Compugen & AXL team up to drive applied AI at scale
Canadian IT services provider Compugen has formed a strategic partnership with Toronto-based venture studio AXL as both companies target applied artificial intelligence projects inside large organisations.
The agreement links Compugen's customer base with AXL's product development approach and engineering resources. The companies said the collaboration focuses on identifying and testing AI use cases in business operations and digital services.
Compugen describes itself as Canada's largest privately owned IT services firm. It works with organisations on technology projects and service delivery. AXL operates as a venture studio. It works on turning applied AI research into new products and businesses.
The partnership marks the latest tie-up under AXL's AI Catalyst programme. AXL describes the programme as a co-development model that pairs its AI teams with industry partners that can supply business problems, domain knowledge and routes to market.
Applied AI focus
The companies framed the collaboration as a response to shifts in enterprise AI adoption. They pointed to increased attention on the application layer, where organisations incorporate AI into workflow design, customer interaction and internal systems.
Compugen said the partnership will give its teams and customers access to AI researchers and engineering talent. It said it will also provide a rapid prototyping environment for testing ideas before larger delivery programmes begin.
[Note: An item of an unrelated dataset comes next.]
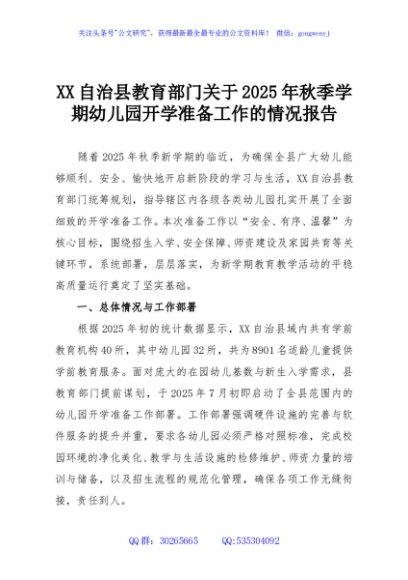 / XX自治县教育部门关于2025年秋季学期幼儿园开学准备工作的情况报告

"This relationship gives our customers and our teams access to some of the best AI minds in the country," said Harry Zarek, President and CEO, Compugen. "We help organizations improve how they run their businesses using technology. Working with AXL lets us bring real operational challenges into an environment where experts can explore and test what's possible, with a clear focus on what will deliver value."
Compugen said it plans to bring forward opportunities from its own operations and from customer engagements. It also said it will contribute to selecting ideas that AXL develops and takes to market.
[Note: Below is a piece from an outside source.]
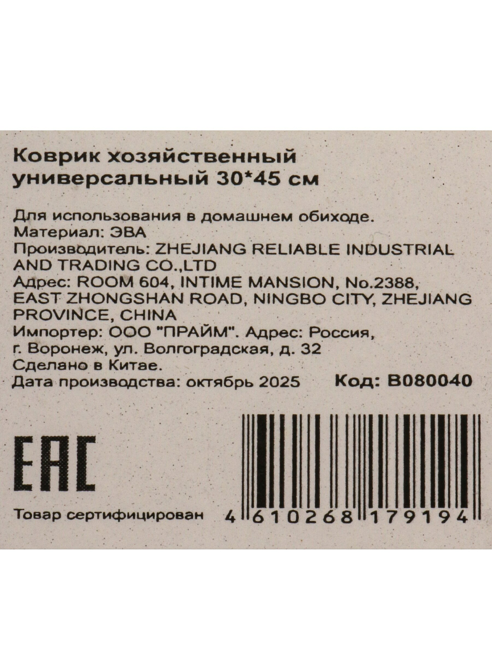 Коврик хозяйственный, 30х45 см, прямоугольный, универсальный, без рисунка, B080040
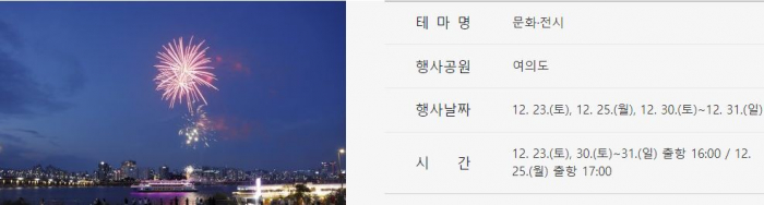 마지막 남은 12월 달력의 날짜들을 한강에서 따뜻한 추억으로 채워보세요!

The companies said some customers may participate directly in prototypes. That would place customer teams alongside AXL's technical staff during early product work, according to the announcement.
Commercial routes
AXL said the collaboration aims to connect enterprise demand with applied AI research. It positioned the partnership as part of an effort to increase commercial output from Canadian AI development.
"Compugen brings deep industry knowledge and a clear line of sight into how large organizations operate, with deep insight into the frontier of today's technology's ability to address major business challenges," said Daniel Wigdor, Co-Founder and CEO, AXL. "AXL brings the research-to-product design and engineering needed to turn those pain points into scalable, applied AI solutions. Together, we can identify the highest-impact opportunities, build and validate solutions quickly, create outcomes that Compugen can deliver at scale, and zero-in on opportunities for great Canadian AI startups to found together."
Wigdor and Zarek both highlighted the gap between experimentation and production use of AI inside large organisations. Compugen said it sees demand from customers that want measurable outcomes rather than pilot projects. AXL said it plans to work with partners that have visibility into where AI integrations fail in practice.
The companies did not disclose financial terms. They also did not name initial customer projects or sectors targeted for early work.
Modernisation economics
The announcement also referenced changing economics for legacy technology upgrades. It said AI tools can reduce the time and cost of some modernisation work. It gave an example of a transaction processing system modernisation that would previously have cost more than USD $100 million, with AI reducing costs and time by half.
Compugen said the collaboration strengthens its work on moving customers from early AI interest to implementation. It described a process that includes testing, refining and introducing AI-based changes that map to day-to-day operational issues.
AXL said its venture studio model combines product design, engineering and market validation. It said the AI Catalyst approach ties that model to enterprise partners and their customer needs.
The partnership will sit alongside Compugen's existing partner ecosystem, which includes technology vendors and service relationships used in its delivery work. Compugen and AXL said they will use the collaboration to develop and validate projects that Compugen can then deliver at scale.